Playing sports regularly provides numerous health benefits beyond age, sex, or physical ability.
regular physical activity raises cholesterol with lipoprotein high-density cholesterol (HDL) known as “good” cholesterol and lowers triglycerides unhealthy, reducing the risk of cardiovascular diseases. Also improve muscle strength and increase resistance, helps prevent weight gain and stimulates certain brain chemicals that can make you feel happier. These are just some of the benefits that sport brings to our lives.
Convinced of the need for regular physical activity, the question is how many weekly sessions are needed. Now, a study carried out by American researchers over 10 years ensures that exercise over the weekend it may be enough to keep fit.
Many of the participants in the US study recorded this amount within a week. But some concentrated it in one or two sessions instead of spacing them out.
Those who reached the recommended level of activity, either during the week or on the weekend, had a lower risk of death than those who did less than the recommended amount. The study does not differentiate whether the physical activity was done throughout the week or concentrated on the weekend.

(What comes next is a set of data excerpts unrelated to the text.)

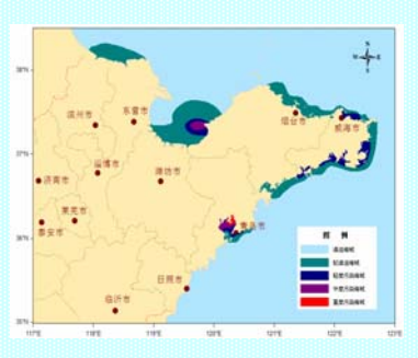
al and marine polluted areas in Sh Province in 2006
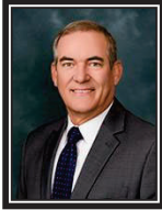
Sen. Stan McClain
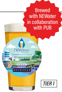
NEWBREW MODERN PILSNER 5% ABV, 15 IBU Rock melon, pineapple, white grapes
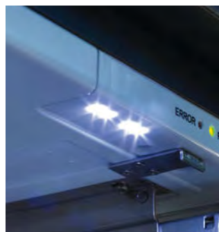
LED interior light
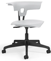
Task Chair >
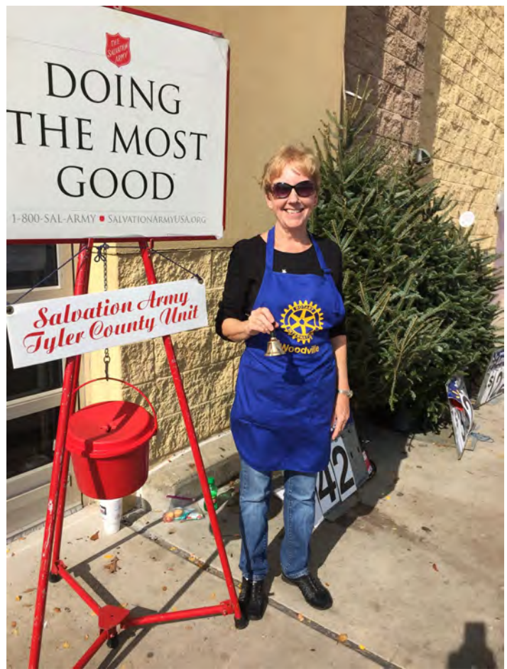
Rotarians rotated on 2 hour shifts greeting with a cheerful Merry Christmas and a smile.
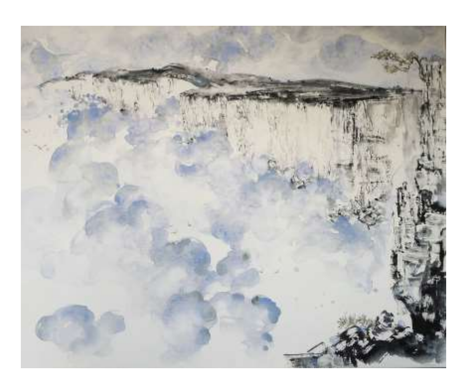
Fig. 36 Yuping Li Poem of Cliff and Cloud II (2014) Chinese ink, acrylic and oil on canvas 100×80cm.
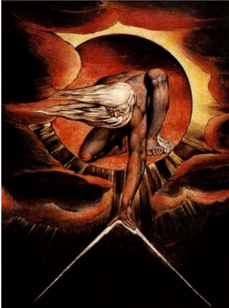
"The Ancient of Days," Wm. Blake
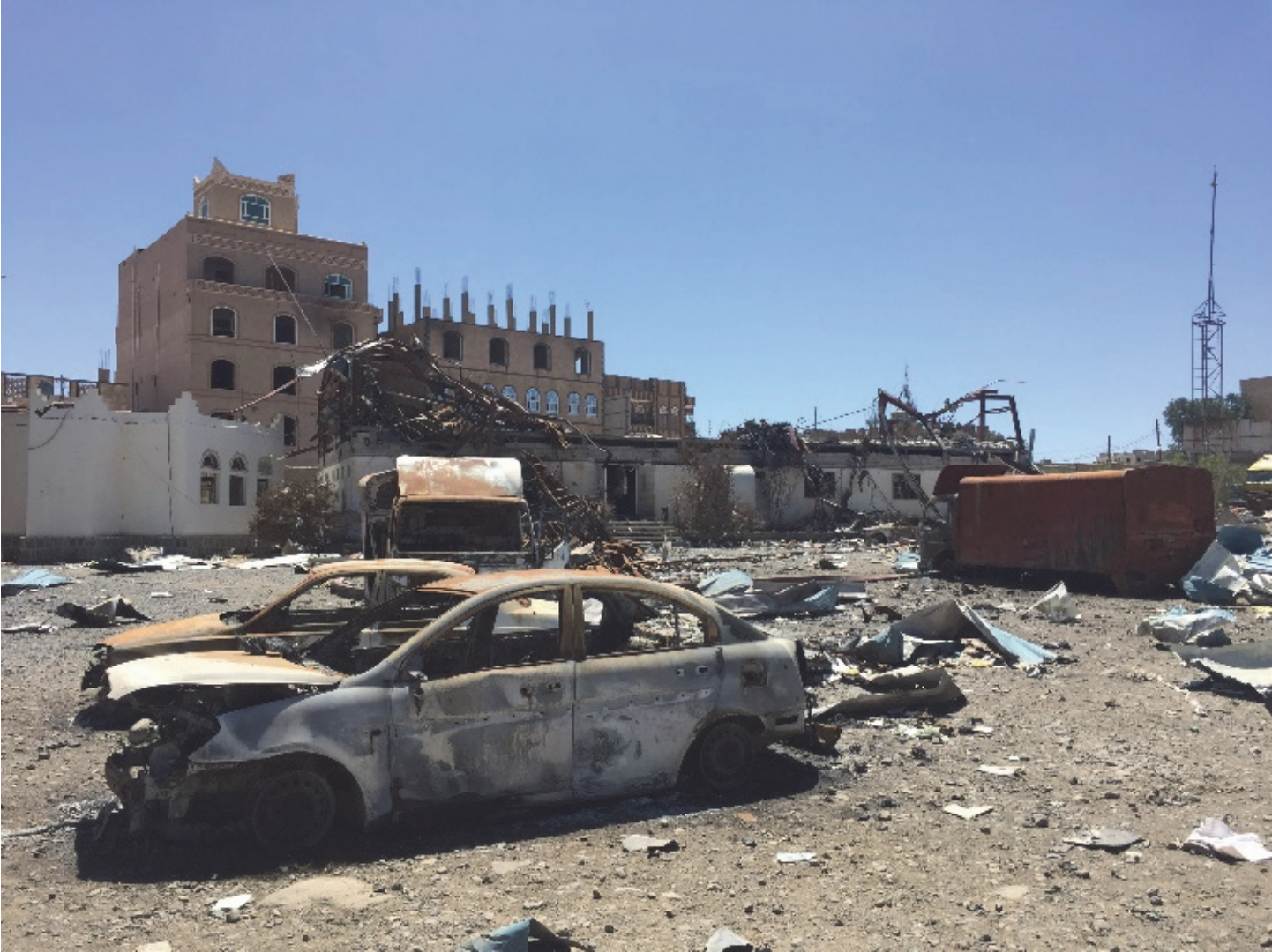
Six coalition bombs hit the al-Shihab Industrial Compound, housing food and pharmaceutical products, on January 29 and 30, 2016, killing one and wounding three civilians.

American and Israeli goods, which included Houthi logos and links to Houthi-affiliated media sources, as well as the commercial logos of Nestle and other companies. 77 The Shihab company imports Nestle products. The page had not been active for several months before the war began.
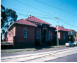
h02031 preston tramway workshops mess complex may03 aj
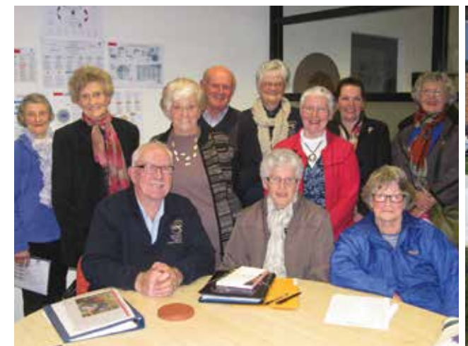
Friends of Hospice Golf Day 2013
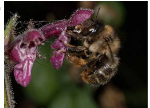
A female Anthophora furcata at Hedge Woundwort flowers

It is a widely distributed species in the UK, occurring as far north as south west Scotland. It is a Eurasian species, and a closely related species occurs in North America.
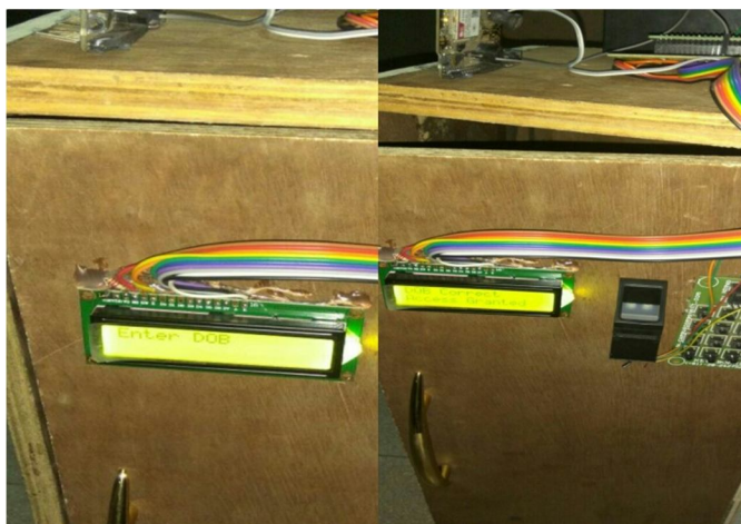
fig.(4) :-DOB Access
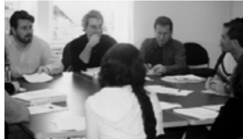
Christopher McQuarrie ( The Usual Suspects ), October 2001. McQuarrie did three full days of master class lectures and individual scene work with the upperclass screenwriters.
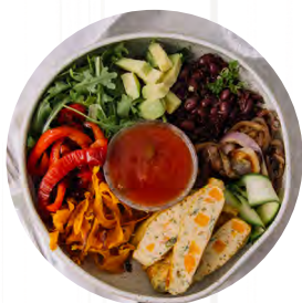
In a Bowl
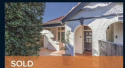
174 Pittwater Road, Manly

Jake Rowe - Principal Sales & Property Management 9977 1111 or 0414 612 546. Shop 1, 22 Darley Road, Manly 2095
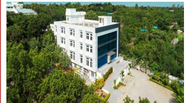
R&E Hub Top View
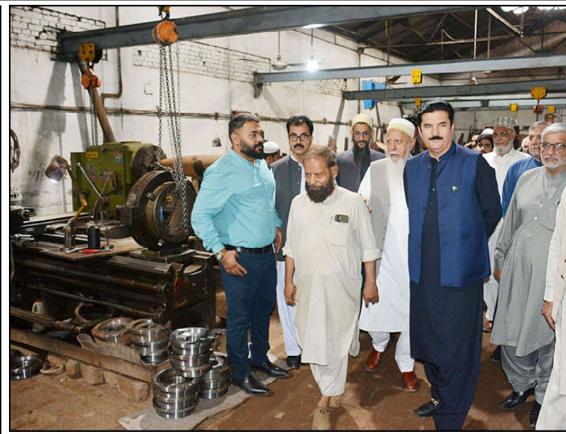
PESHAWAR: Governor Khyber Pakhtunkhwa Faisal Karim Kundi visits Daudsons Army at Industrial Estate.

Jam Kamal urged REAP to propose actionable suggestions for achieving the government's export targets within the next year, emphasizing the importance of addressing food safety concerns, especially in the European Union, where standards are becoming increasingly stringent.
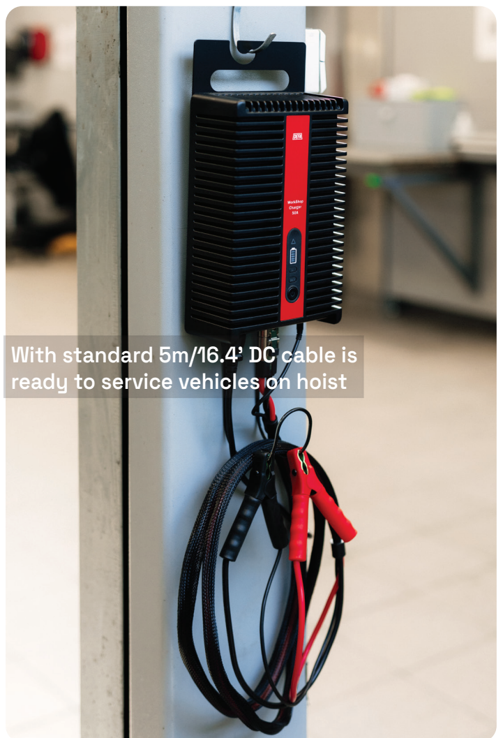
With standard 5m/16.4' DC cable is ready to service vehicles on hoist
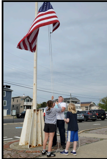
Students participate in raising and lowering the American Flag daily at the Long Beach Island Grade School

We would like to thank our PTA for their continued support. Thank you to all of the parents and teachers for their time and effort! We are looking forward to the many learning activities planned. Please make sure to sign up to become a member of the PTA. Special thanks to our PTA for all of their hard work, especially at the PTA meetings...many thanks to all for a job well done!
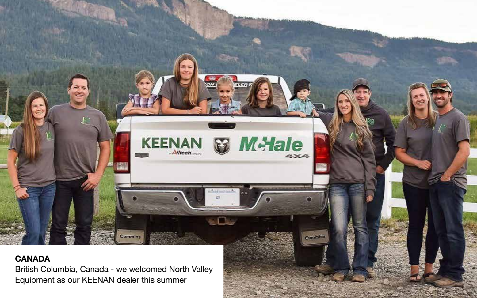
CANADA British Columbia, Canada - we welcomed North Valley Equipment as our KEENAN dealer this summer
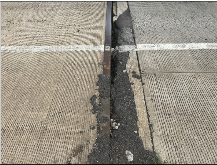
Bent 7 spall filled with asphalt in top of back wall

Bent 7 top of backwall right lane and shoulder has spall filled with asphalt.
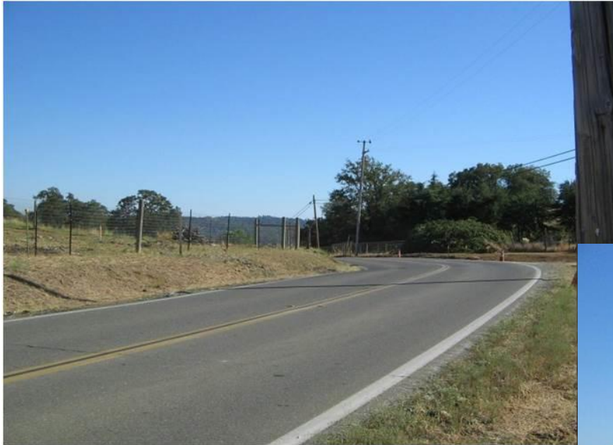
Before Safety Improvement
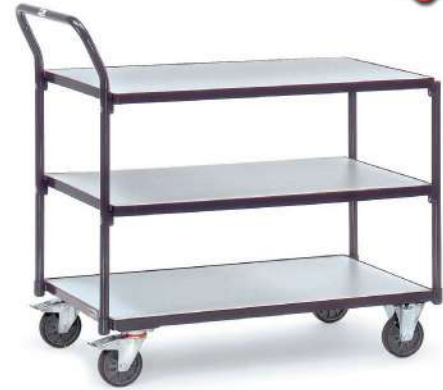
1850 | 1851

The best preventive medicine
For the Professor of Medicine and Physiotherapy at CEU Cardenal Herrera University, Juan Francisco Lisón, “healthy aerobic physical activity is the best preventive medicine once morest the main causes of death in Western countries.” To do this, he recommends 5 times a week 30 minutes of moderate aerobic exerciselike brisk walking, or 25 minutes of vigorous aerobic exercise, just 3 times a week. That would be enough to benefit from all the preventive effects of exercise once morest many of the diseases derived from sedentary life.
Juan Francisco Lisón recommends 30 minutes of moderate aerobic exercise five times a week
“No known treatment has the preventive capacity once morest so many different diseases as healthy physical exercise”, highlighted Professor Lisón in reference to its proven effects once morest a long list of diseases: cardiovascular –hypercholesterolemia, hypertension and also diabetes and obesity–, some of the most prevalent cancers –breast cancer in postmenopausal women and colon and prostate cancer–, cognitive impairment, including anxiety and depression.